Problem to solve:
There are pictures in the records below; leave them out and set down exactly the lines from the one holding "Michelle mounted on" through the one holding "Log Entry Photo B".

Provided records:

==================================================

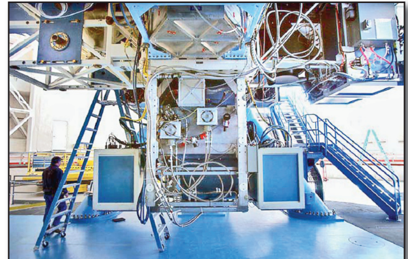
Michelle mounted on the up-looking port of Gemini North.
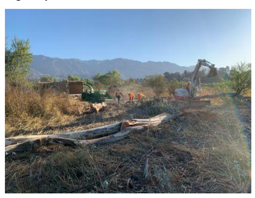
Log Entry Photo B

==================================================

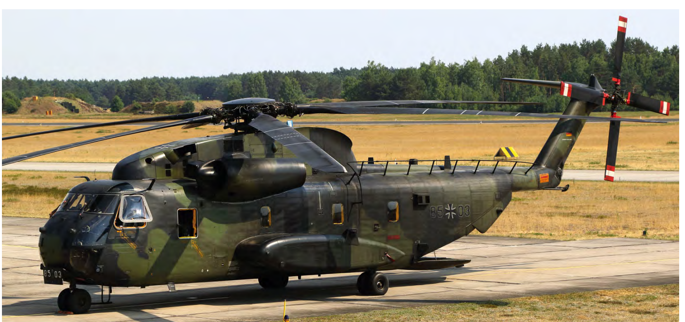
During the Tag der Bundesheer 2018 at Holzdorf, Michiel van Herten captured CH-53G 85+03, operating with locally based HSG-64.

==================================================

Exercise response:
Michelle mounted on the up-looking port of Gemini North.
Log Entry Photo B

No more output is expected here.